### [Task instructions]
Each entry below is to be written out exactly, and the pictures are to be left out.

### [Records for this exercise]
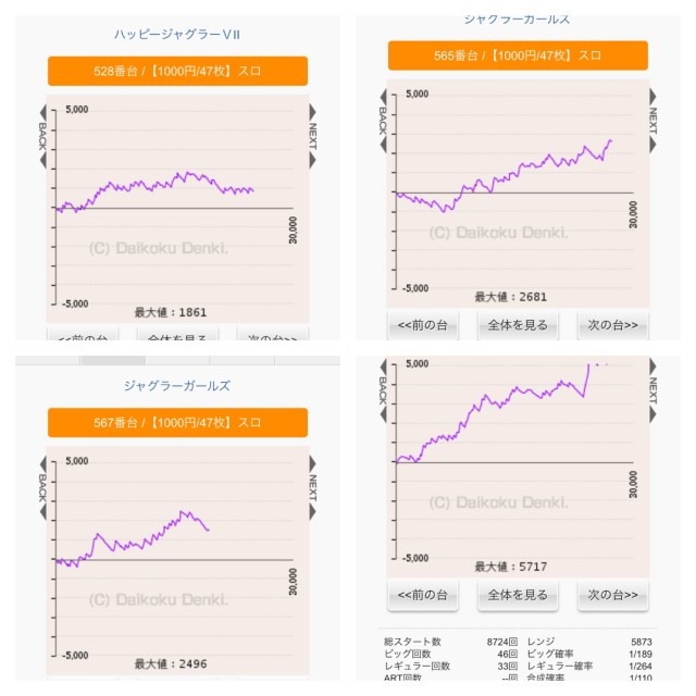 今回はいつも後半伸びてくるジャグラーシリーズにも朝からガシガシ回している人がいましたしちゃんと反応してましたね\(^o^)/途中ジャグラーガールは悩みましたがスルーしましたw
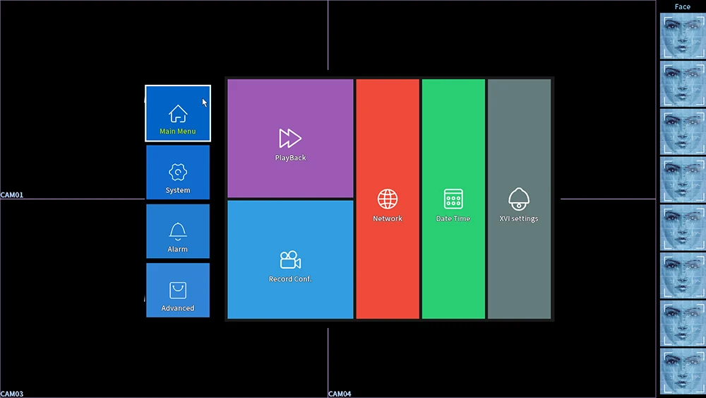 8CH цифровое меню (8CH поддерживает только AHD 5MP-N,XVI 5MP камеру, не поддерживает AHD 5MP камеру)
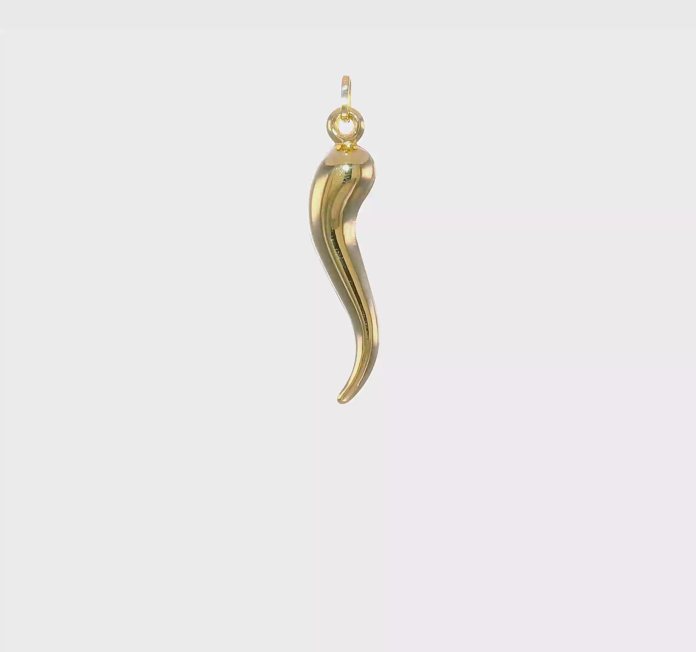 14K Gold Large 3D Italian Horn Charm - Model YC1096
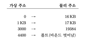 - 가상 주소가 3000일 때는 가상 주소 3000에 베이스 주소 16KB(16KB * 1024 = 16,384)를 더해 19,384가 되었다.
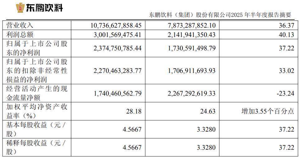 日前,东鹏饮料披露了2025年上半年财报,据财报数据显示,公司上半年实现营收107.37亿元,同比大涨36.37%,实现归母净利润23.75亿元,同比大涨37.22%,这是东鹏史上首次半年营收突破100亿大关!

### [Answer]
 今回はいつも後半伸びてくるジャグラーシリーズにも朝からガシガシ回している人がいましたしちゃんと反応してましたね\(^o^)/途中ジャグラーガールは悩みましたがスルーしましたw
 8CH цифровое меню (8CH поддерживает только AHD 5MP-N,XVI 5MP камеру, не поддерживает AHD 5MP камеру)
 14K Gold Large 3D Italian Horn Charm - Model YC1096
 - 가상 주소가 3000일 때는 가상 주소 3000에 베이스 주소 16KB(16KB * 1024 = 16,384)를 더해 19,384가 되었다.
 日前,东鹏饮料披露了2025年上半年财报,据财报数据显示,公司上半年实现营收107.37亿元,同比大涨36.37%,实现归母净利润23.75亿元,同比大涨37.22%,这是东鹏史上首次半年营收突破100亿大关!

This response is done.